Key terminology and initial considerations of DR planning
Understanding key DR terminology and its context can assist in how to conceptualize the definition and planning of a valid DR approach.
Recovery Time Objective (RTO) - the maximum time for restoring infrastructure and application services after an unanticipated event, aligned with a company’s business continuity requirements.
Recovery Point Objective (RPO) - the amount of data loss that a company can sustain without a business impact. RPO drives data backup and data replication strategies, critical to maintaining the business and meeting internal and external compliance requirements.
Service Level Agreement (SLA) -a commitment between a service provider and a client. Generally SLAs are enforced by the compliance team in the IT and communications department to align with the business mission. SLAs are closely tied with DR and business continuity as they define the need for service resiliency.
With key DR terminology outlined, what might be the initial considerations in defining an effective DR plan?
Identify the RPO and RTO of your application based on business requirements, compliance requirements, and the cost (revenue loss) of downtime. This can help identify the right DR tier for your application. According to time tested industry standards, DR tiers span from 0 to 7. Tier 7 is assigned to most critical applications with zero to near zero data loss tolerance and service recovery time of just minutes. Tier 0 is assigned to applications where recovery can be unpredictable and sometimes not possible. A higher DR tier usually means a more expensive DR environment.

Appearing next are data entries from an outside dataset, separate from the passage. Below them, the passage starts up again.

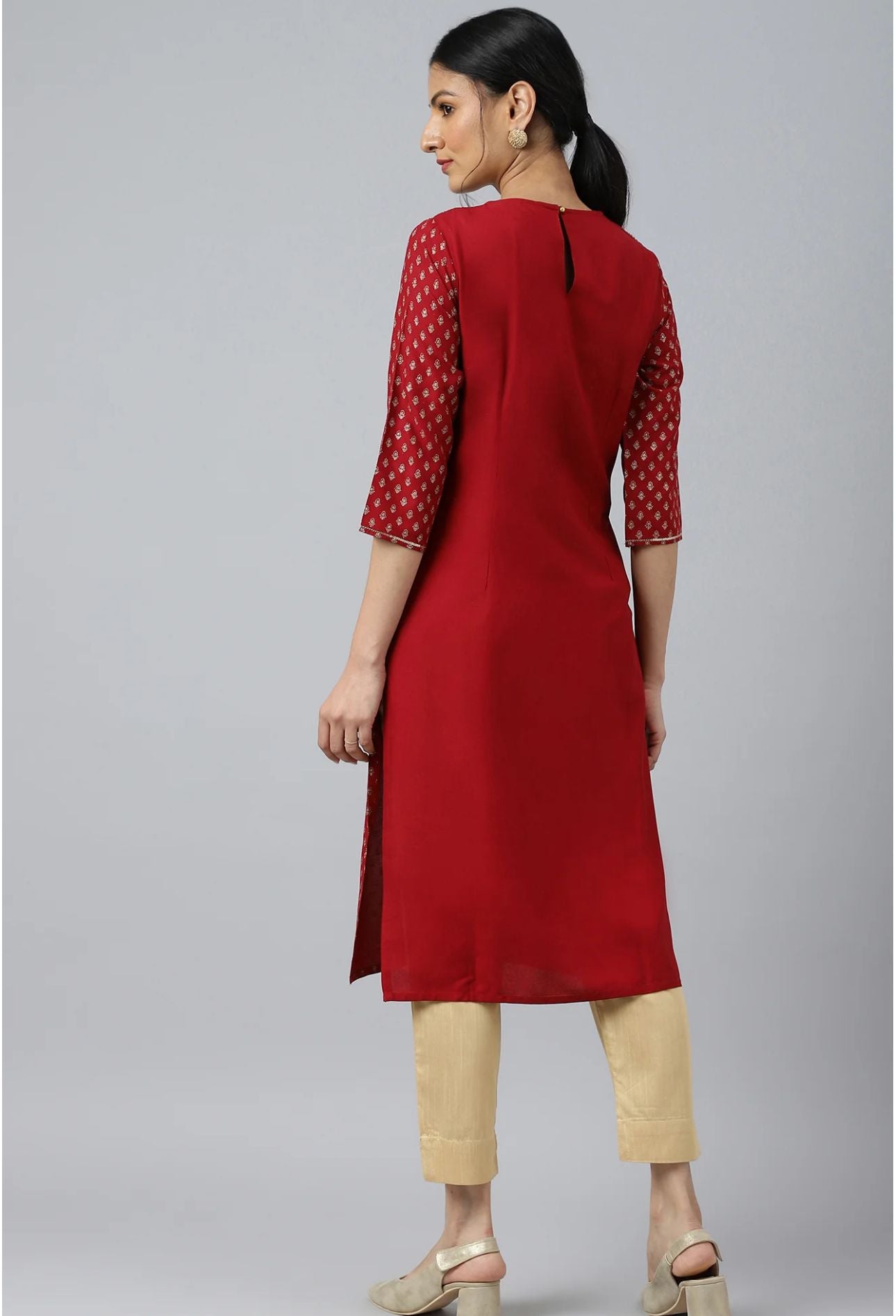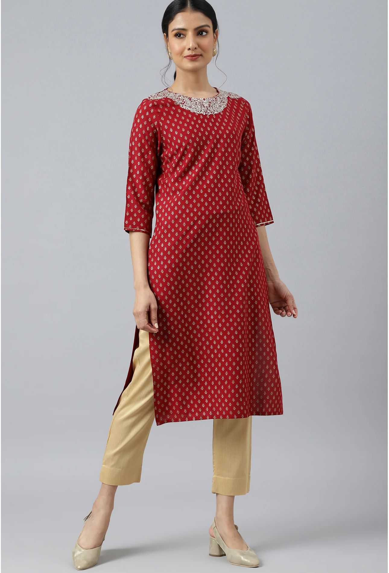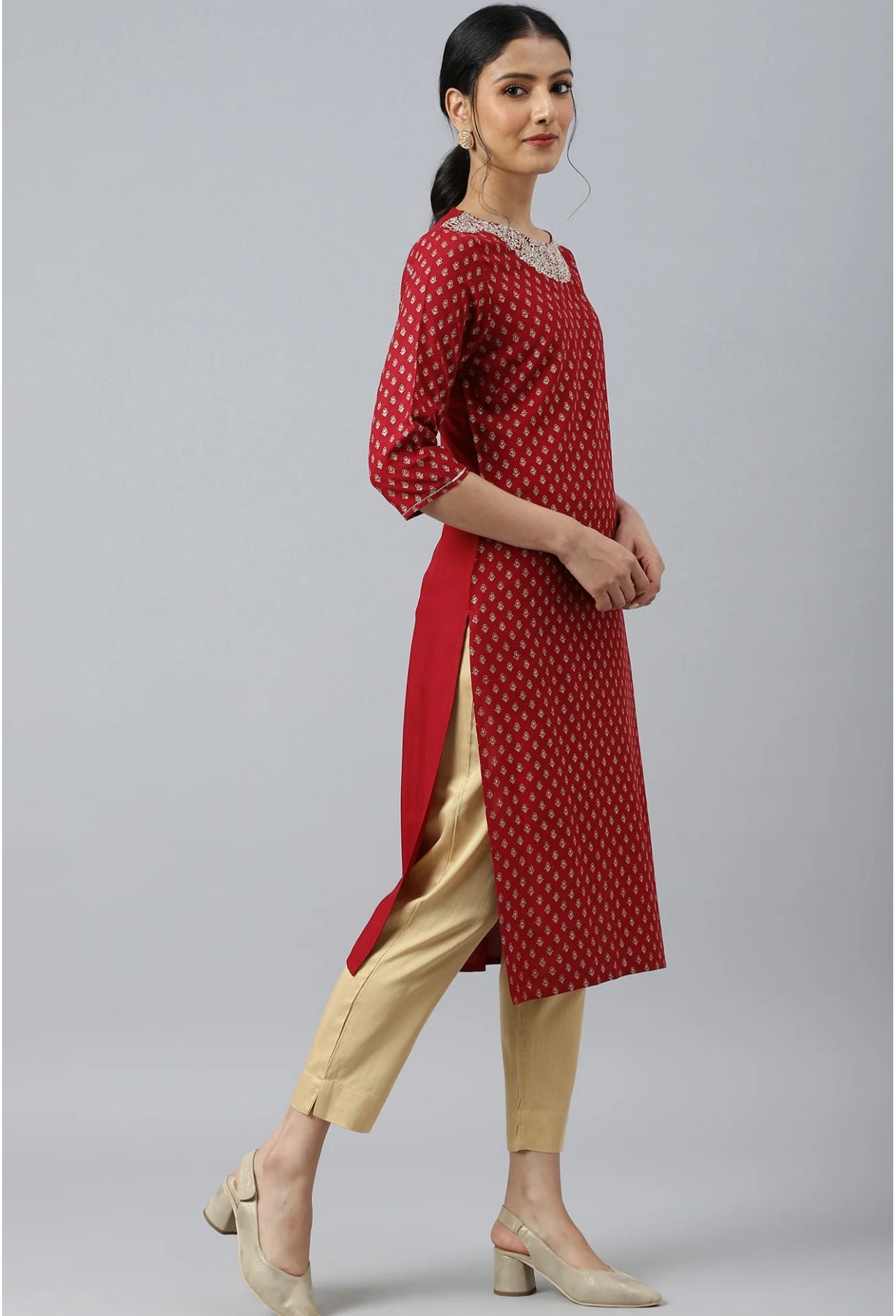 Red Printed kurta With Metallic Embroidery in Munich
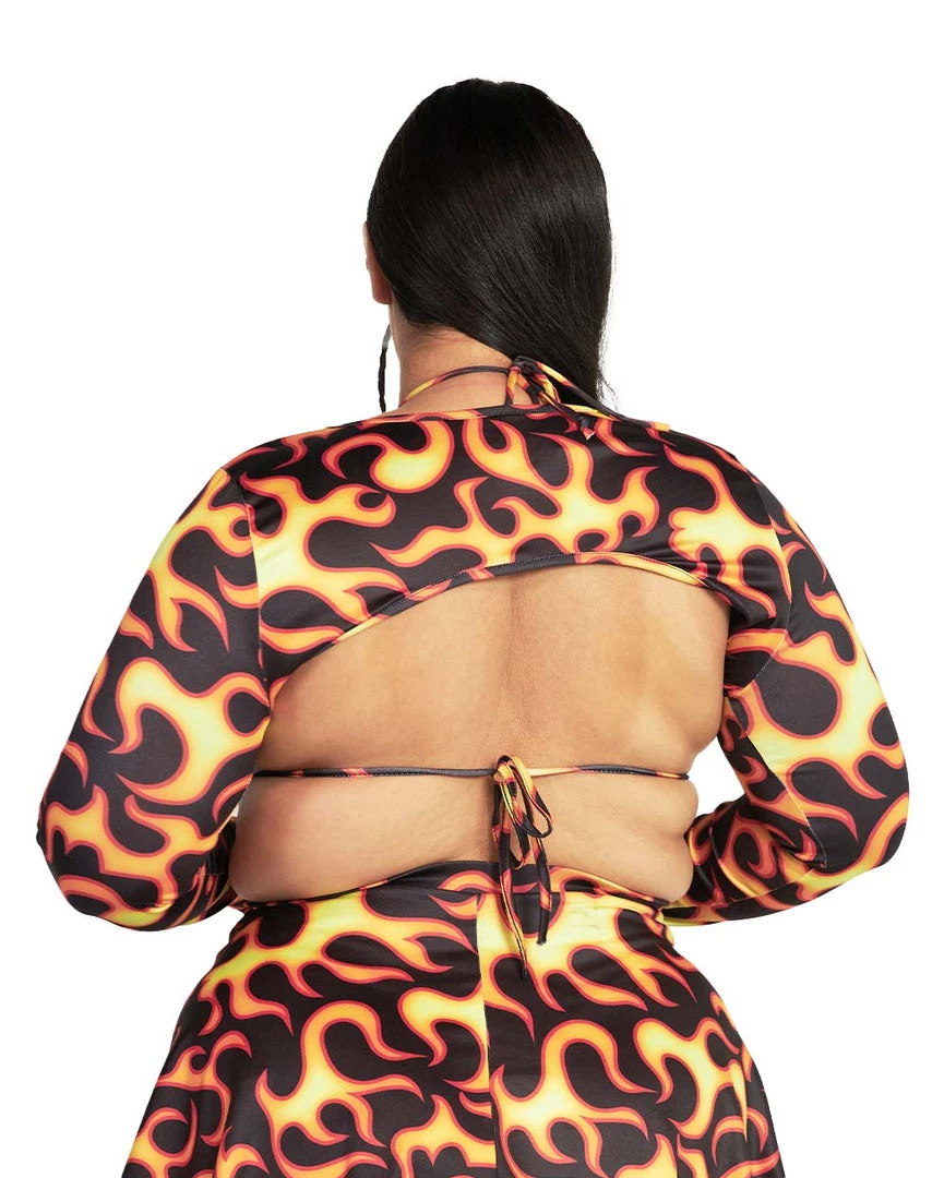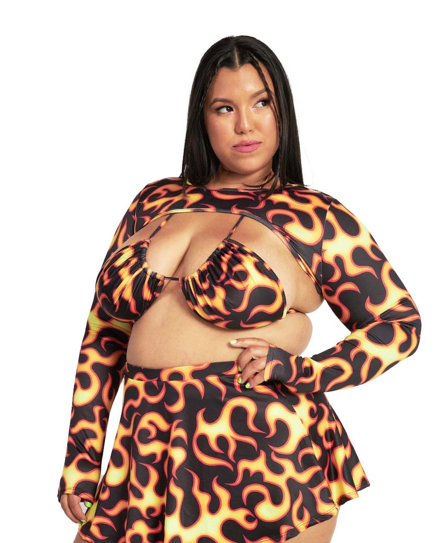 Keep the fire burning with our Hot Stuff Ultra Crop Top. You’ll amp up the energy on the dancefloor when u wear this long sleeve top with its matching top and skater skirt that have a fiery hot flame print on them.
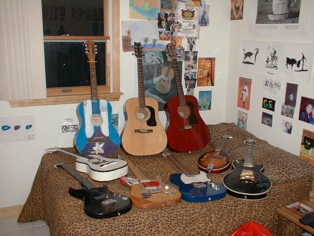 (left to right) Kasino 1/4 size, Paradise tres, Homemade Cuatro, Mullet Homemade Guitar, Washburn D-10, Squier/Fender Telecaster, Guild D-10, Samick Mandolin, Epiphone Les Paul Custom Series.
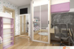 Dětský pokoj pro tři malé holčičky z Vysočiny – hlavním požadavkem na pokojíček bylo co nejvíce úložného prostoru pro holčičky. Zároveň neměl prostor pro slečny působil stísněně. Skříně, pro úsporu místa jsem zvolila s posuvnými dviřky, při otevření tudíž zbytečně nepřekáží a šetří místem v nevelkém pokoji.
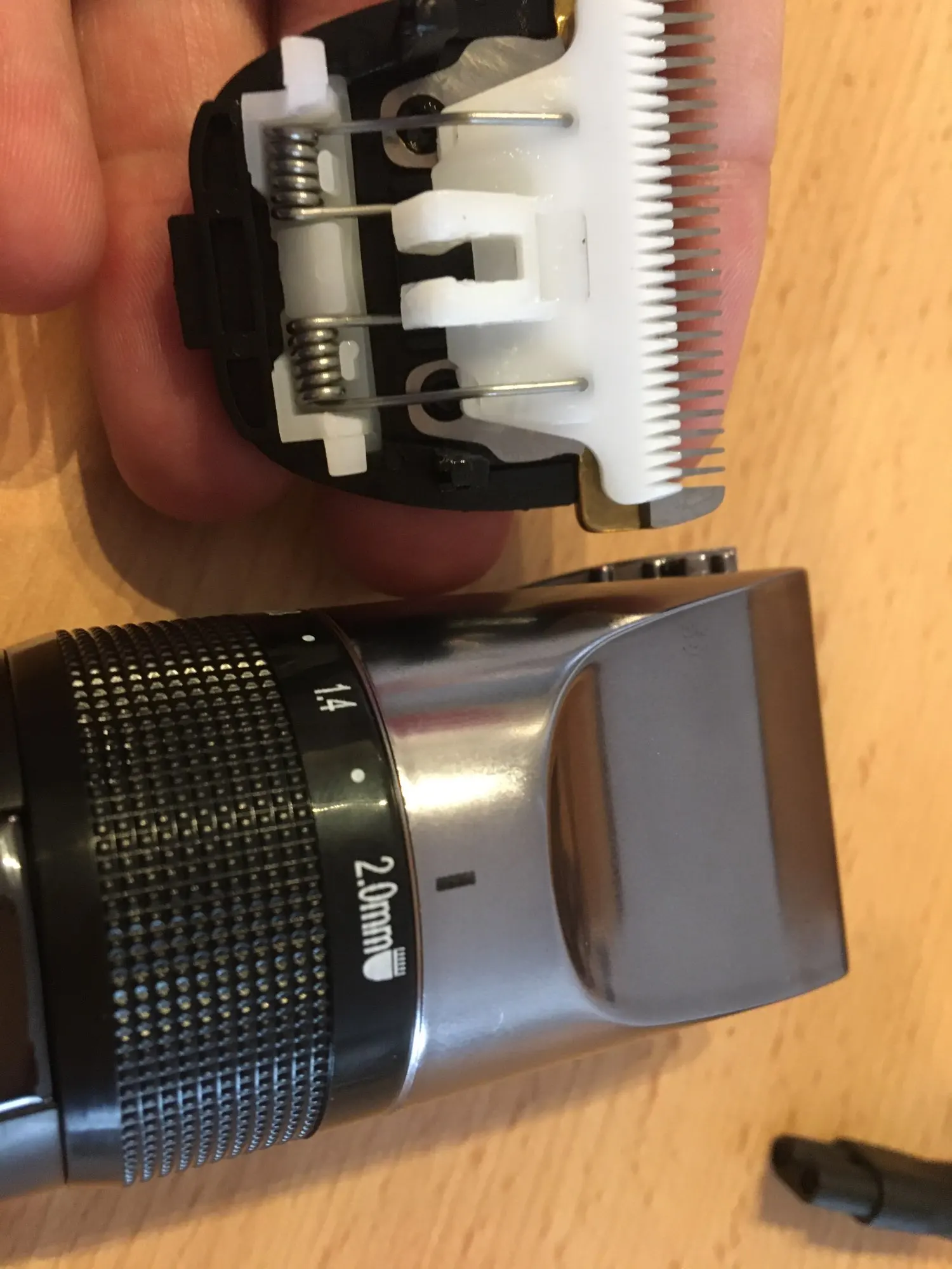 Отличная машинка! Доставка до порога (Москва) на пятый день! Все детали сделаны надежно, все крепко! Кто пишет в комментариях что верхняя режущая часть из пластика, не верьте, это настоящая керамика! Можно взять иголку и попробовать поцарапать, сами убедитесь что это не пластик!!! Стрижет отлично, после стрижки можно снять режущую часть и почистить, заодно смазать! Провод 103см. работает также от сети, моя предыдущая машинка не работала при подзарядке, а эта даже еще мощнее от сети работает! Так что если перед свиданием нужно срочно хрен с подмышками побрить а аккумулятор разряженный, не беда, врубил в розетку и вуаля!)))) В общем рад как слон, за такие деньги это огонь! Если бы еще друзья КИТАЙЦЫ в нее воткнули плату управления зарядом, цены бы ей не было!) Смело могу рекомендовать! Продавцу отдельное спасибо за оперативность!!!
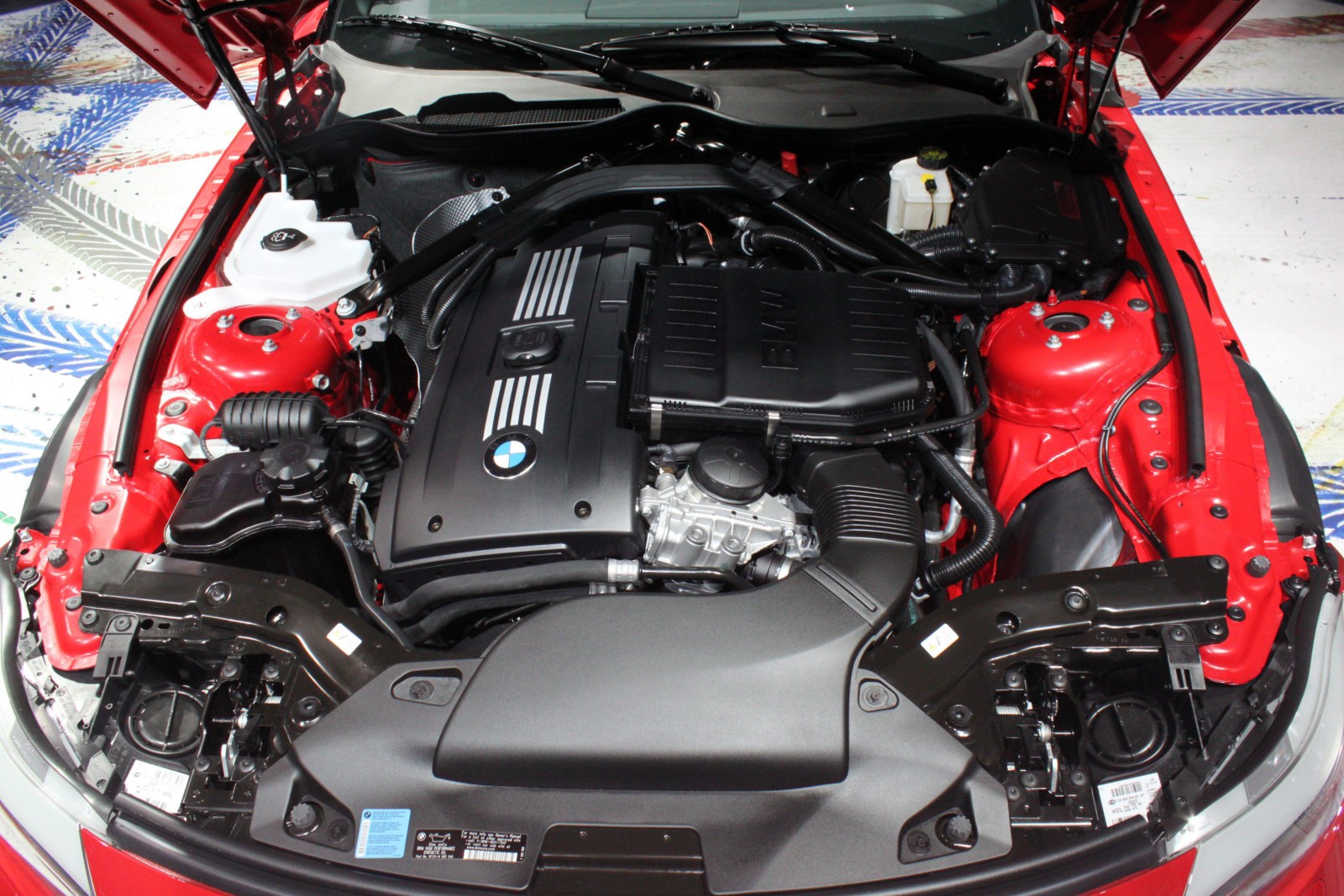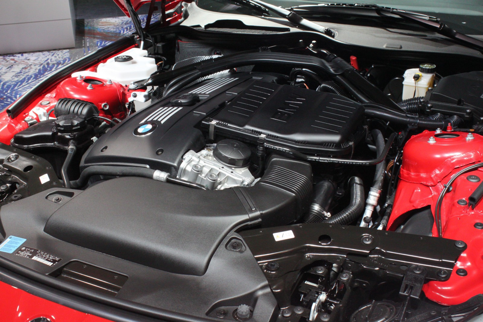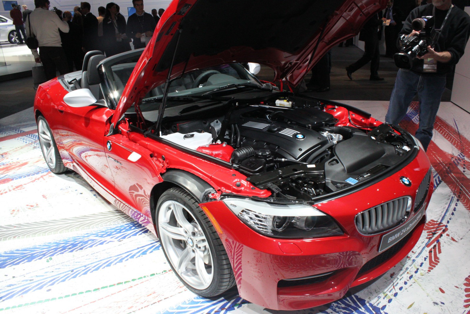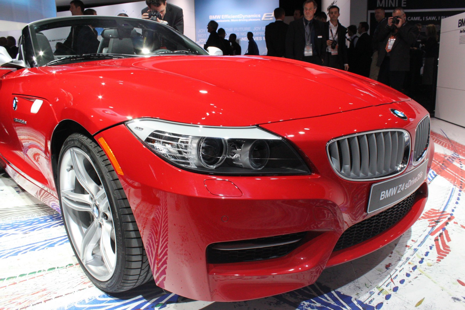 Der in Detroit ausgestellte Z4 E89 ist wie die Pressefahrzeuge in feurigem Rot lackiert und unterstreicht damit den aggressiven Auftritt des Roadsters, der serienmäßig mit dem neuen M Sportpaket ausgestattet ist. Erkennbar ist das Top-Modell an den silbernen Außenspiegeln und den ebenfalls lackierten Längsstreben in den Nieren. Auch an der Heckschürze unterscheidet sich der Z4 sDrive35is von den anderen BMW Z4 mit M Sportpaket, denn der die Endrohre umschließende Diffusor-Einsatz der Heckschürze ist nur beim Topmodell in Wagenfarbe lackiert.
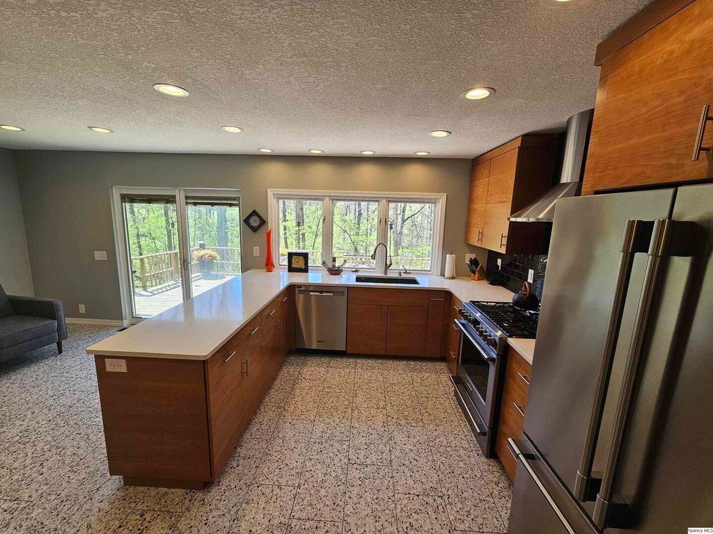 You won't want to miss this stunning home! This beautifully updated 4-bedroom, 3 full bath property truly has it all. The stylish mid-century modern kitchen is a standout feature, complemented by a built-in bar that seamlessly connects the kitchen and living space, perfect for entertaining. Enjoy cozy evenings with two fireplaces, including a charming wood-burning option.The partially finished basement offers additional living space along with an expansive workshop area, ideal for hobbies or storage. Step outside to a spacious double deck overlooking a peaceful wooded backdrop, where you can relax with your morning coffee and take in the surrounding wildlife. Tucked away at the end of a quiet cul-de-sac, this home offers both privacy and a serene setting while still providing all the modern updates you're looking for., Utility Supplier: Liberty Utilities
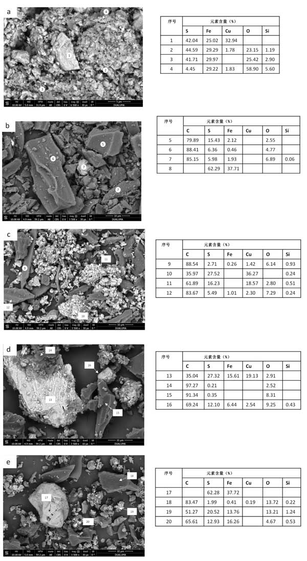 最終殘留物的SEM-EDS圖像在圖2顯示,并證實了通過XRD獲得的結(jié)果。圖2a顯示了礦物浸出后固體殘渣的SEM圖像。可以觀察到大的黃銅礦顆粒的存在(點1),黃鐵礦的小顆粒具有不同的氧化礦物(點2、3和4)。樣品活性炭浸出后的固體殘留物圖像(圖2b)顯示活性炭的存在,其表面具有硫原子和一些Fe(點5、6和7)和黃鐵礦(點8)。沒有觀察到銅的存在,這與其高提取值(99.1%)一致。圖2c顯示了樣品活性炭1:0.25浸出后獲得的固體殘留物的圖像。在活性炭的表面上可以觀察到硫和銅的存在,可能是由于CuS(點9-12)。用生物炭浸出礦物后的固體殘渣分析見圖2d(比例1:1)和(比例1:0.25)。根據(jù)XRD分析,有黃銅礦顆粒(點13)類似于沒有生物炭的礦物浸出的固體殘渣。與添加活性炭相比,生物炭顆粒的表面硫含量較低(點14和15),表明生物炭吸附能力較低,這與生物炭的較低表面積一致。生物炭表面上存在的一些硫可能是由于與浸出劑的反應(yīng)和硫物質(zhì)的低吸附性。最后,觀察到不同礦物的聚集體(第16點)。關(guān)于生物炭比例為1:0.25的固體殘留物,黃鐵礦的存在(第17點),生物炭與少量S、Cu和Fe結(jié)合(第18點),可以觀察到不同礦物和碳顆粒的小顆粒混合物(第19點和第20點)。
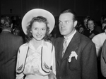 Bob Hope, left, with an unidentified woman during a dinner at Shady Oak Farm celebrating premiere of "The Westerner."

Identify the upstream and downstream application dependencies. It’s especially important to know when an outage of one application will cause a full or partial service outage to others. An enterprise level DR plan will help identify these dependencies and assign the right DR tiers to the applications.
Standard DR patterns
Once DR tiers have been identified, a DR plan specific to each application and its data recovery requirements helps ensure that only acceptable data loss happens and time to recover is within the SLA for its DR tier. Presented below are standard DR patterns and implementations, in order of increasing resiliency and cost, and decreasing data loss and time to recover.
Backup and Restore: The least expensive and slowest DR, this pattern can be used for applications able to withstand up to 24-hour service outages. Usually, scheduled backups are stored in a DR region and used to restore an outage, or they are stored on-premises and deployed to infrastructure in a DR region to restore full application service when needed.
Pilot Light: The application’s core services run in the DR region at all times, initially offering reduced functionality when a disaster occurs but converting to full recovery as the remaining services are provisioned. This DR type is best suited for applications that can withstand service degradation for several hours.
Warm Standby (multi-region active-passive): This setup allows for a scaled down version of a fully functional environment that’s up and running at all times in the DR region--which can mean faster recovery time, but higher cost compared to Pilot Light. This implementation should be used for business-critical applications that need to be fully restored within a few minutes.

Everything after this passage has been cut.